4 Result and Discussion
Aqueous solubility dataset 1 and dataset 2 collected from the resources was in SDF form, so features have extracted for this using PaDEL software. There is a huge set of physiochemical properties to represent any compound, so it is also a challenging task to select the properties which give more accurate values of other property. In this study, for feature selection, we have used relief feature selection and after that Pearson Correlation i.e. a combination of both methods have used. Relief is an effective model which is used to select best-ranked features and Pearson correlation has been used to eliminate redundancy of the feature set and also used to select most relevant features which are highly correlated with the target. So the combination of both techniques performs better with given predictive models. For prediction purpose, we have used 6 different regression models and compared the performance of each model with and without a proposed cluster-based model. All predictive models have trained and tested using MATLAB and WEKA software. The training and testing phase results for each dataset has represented in tabular form Table 2, Table 3 respectively.
Table 2 is the result summary of dataset 1 training and test phase in which, we have got the best result with cluster-based random forest model. For dataset 1 best outcome RMSE, 0.60 is with using two cluster centers. Due to small data samples by increasing number of centers performance also decreases. Figure 2 and Fig. 3 is regression plot of training phase and test phase random forest model for dataset 1 respectively. Due to biased and small dataset of only drug-like molecules the result is not significantly improved using cluster based model.

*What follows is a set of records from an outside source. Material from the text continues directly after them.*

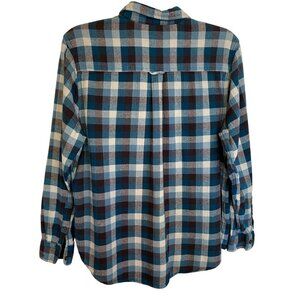 This Woolrich plaid shirt combines classic design with superior craftsmanship. The 100% cotton material ensures comfort and breathability, making it a versatile outdoor wardrobe staple. With a traditional button-down front, chest pockets, and a timeless blue and brown plaid pattern, this shirt is ideal for casual outings or layering in cooler weather.
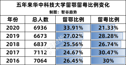 今年,华中科技大学本科毕业生的留鄂留粤比例彻底扭转,留鄂比例从2016年的26.45%增至33.91%,而留粤比例则从30%降至21.33%。
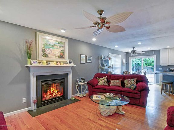 This pristine home with water views, located in Breton Woods of Brick, is what you've been waiting for! This beautiful 3 bed, 2 bath has it all, updated kitchen with stainless steel appliances, center island, hardwood floors, gas fireplace, recessed lights, over sized lot with large detached garage. Master bedroom boasts a walk in closet and full bath. Enjoy summer nights watching the fireworks on your patio with built in fire pit. Close to beaches with excellent curb appeal. This home will not disappoint!
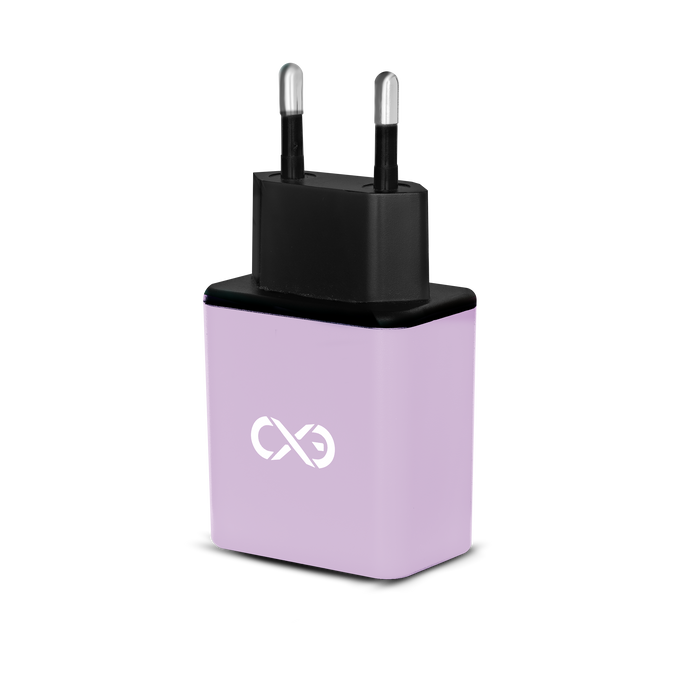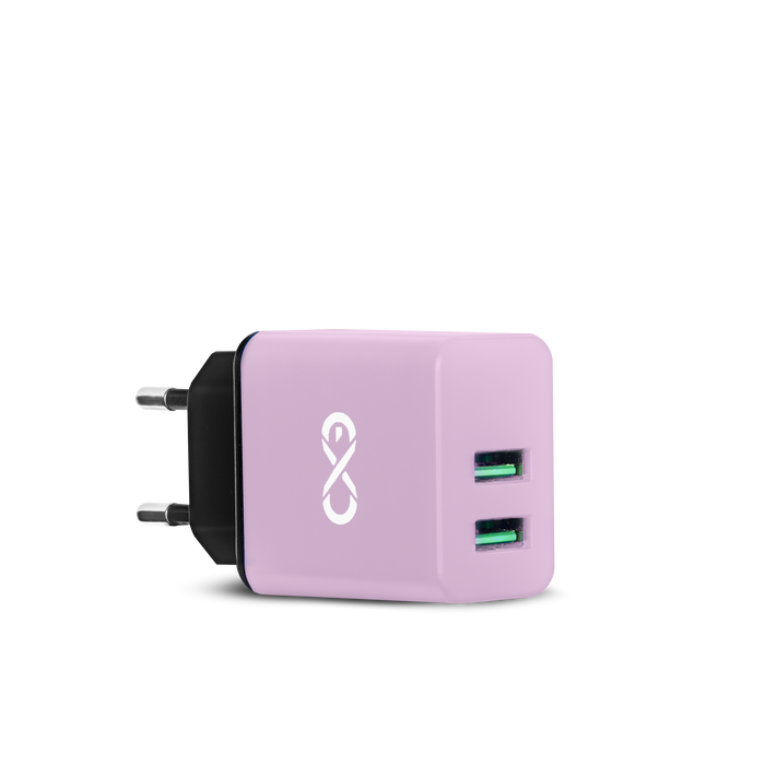 Uniwersalna ładowarka sieciowa eXc BASIC,2xUSBA QC,18W,liliowo-czarna
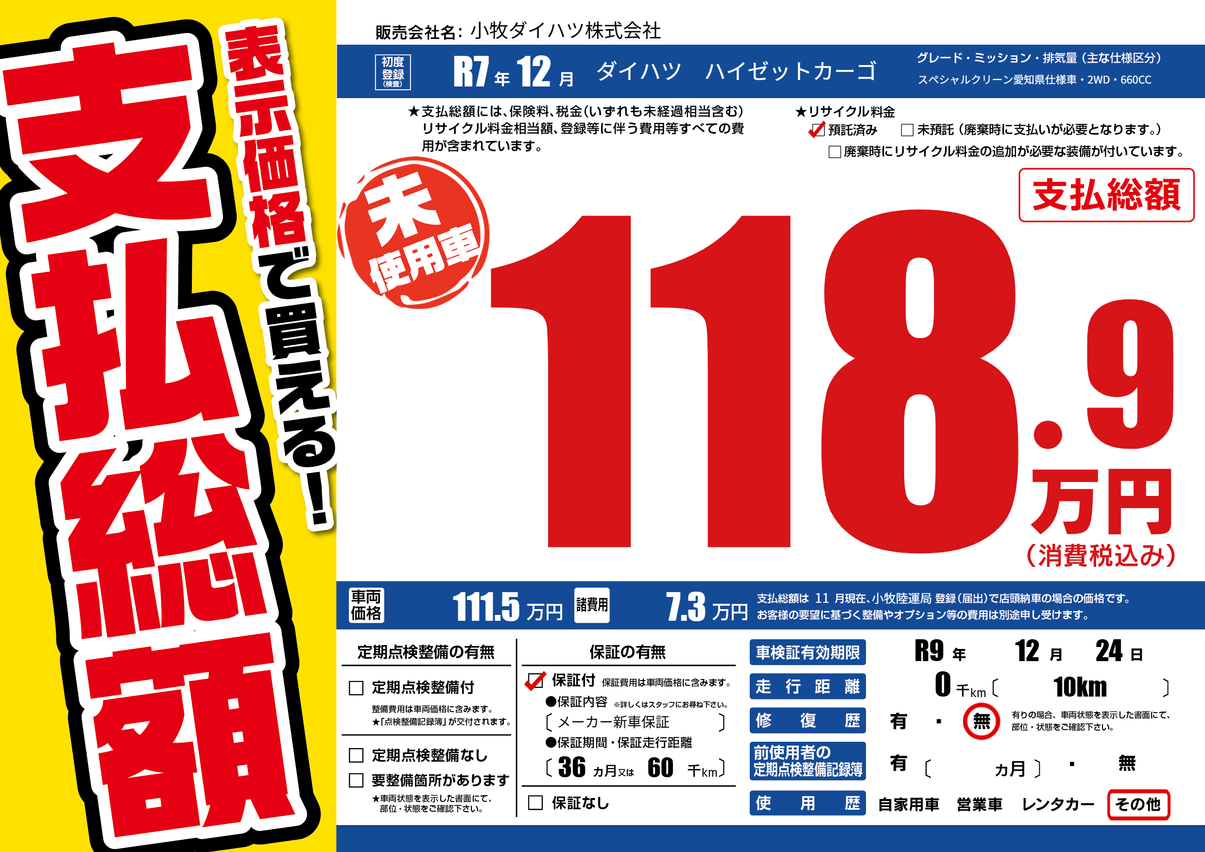 | 走行キロ | - | 初年度登録 | R7年12月 |
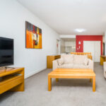 –	Open plan lounge/dining/kitchen area that opens to balcony
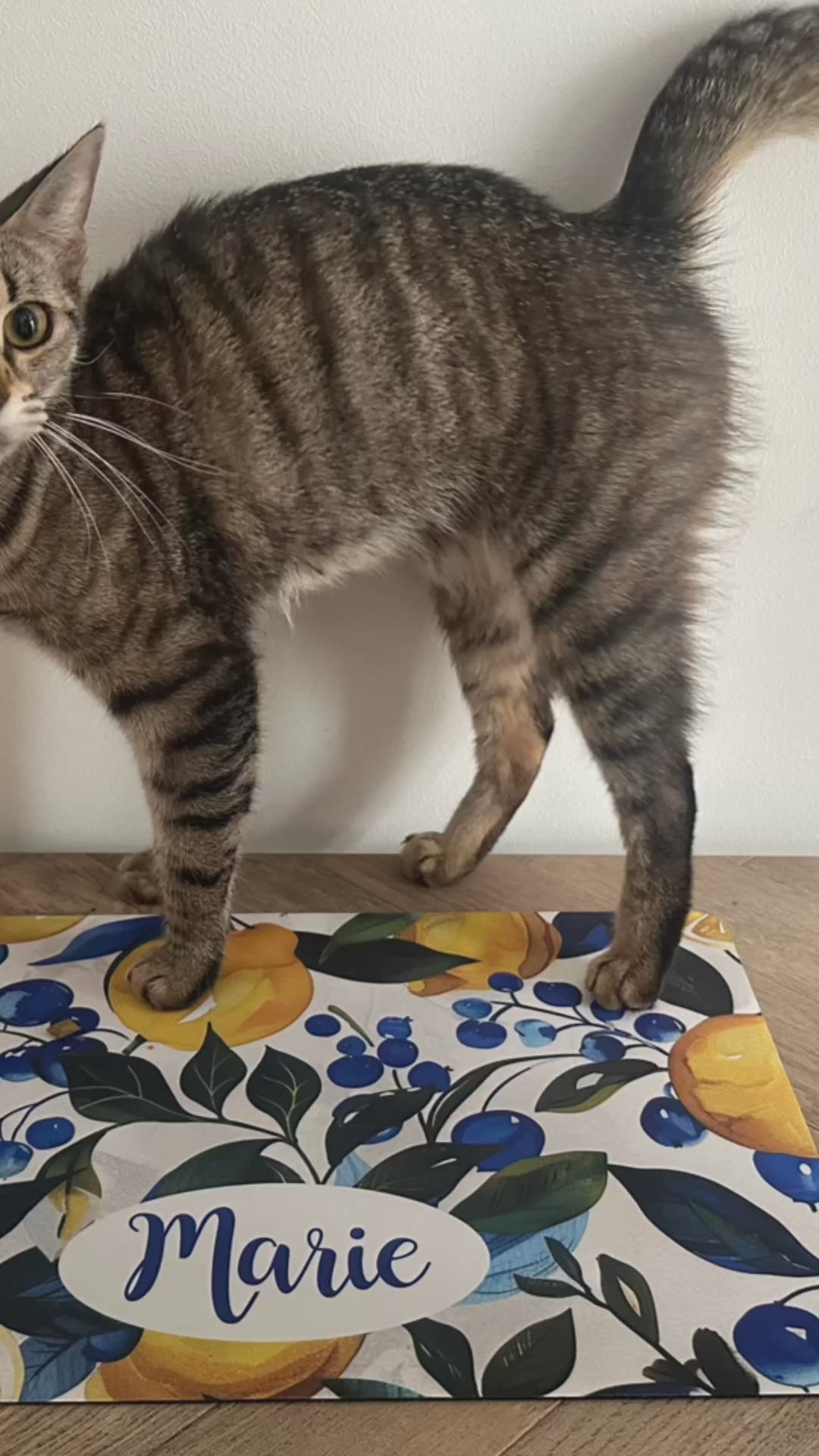 Choose your petโs name in a gorgeous script from the dropdown menu โ beautifully printed among zesty lemons and Mediterranean vibes. ๐โจ Check out the photo examples to pick your favourite font!

Therefore we have also taken another relatively large dataset of mixed molecules and compared the result. The original work has been done using dataset 2 and dataset 1 has taken only for comparative study for different sample size dataset. In Table 2, we can see that in the training phase error is less as compare to Table 3 but test result has not improved. Except random forest model using other model for dataset 1 performance is low. Due to small sample size if we increase the number of clusters predictive model is not perform effectively. For dataset 2 optimum number of clusters is 4, above this performance decreases relatively in this experiment. In Table 3, training phase error is very low for random forest model in both cases and also gives best result with this model. Figure 4 and Fig. 5 are the representation of regression plots for training and test phase of best model using actual and predicted solubility values.
5 Conclusion
Predicting aqueous solubility is a critical task in the area of chemo-informatics. In this study, we have used two types of dataset one is a minimal sample size, and another is a relatively large sample. In both cases, with clustering or without clustering, we got the best result with a random forest regression model. We have got the lowest RMSE of 0.60 and 0.61 for dataset 1 and dataset 2 test phase respectively. For getting more improved unbiased results, a vast dataset should use. In this cluster-based model, we have got a good result with only using two clusters and four clusters for dataset 1 and dataset 2 respectively. For other datasets, the number of groups may vary.
References
Wang, J., Hou, T.: Recent advances on aqueous solubility prediction. Comb. Chem. High Throughput Screen. 14(5), 328–338 (2011)
Murdande, S.B., et al.: Aqueous solubility of crystalline and amorphous drugs: challenges in measurement. Pharm. Dev. Technol. 16(3), 187–200 (2011)
O’Boyle, N.M., et al.: Open babel: an open chemical toolbox. J. Cheminform. 3(1), 33 (2011)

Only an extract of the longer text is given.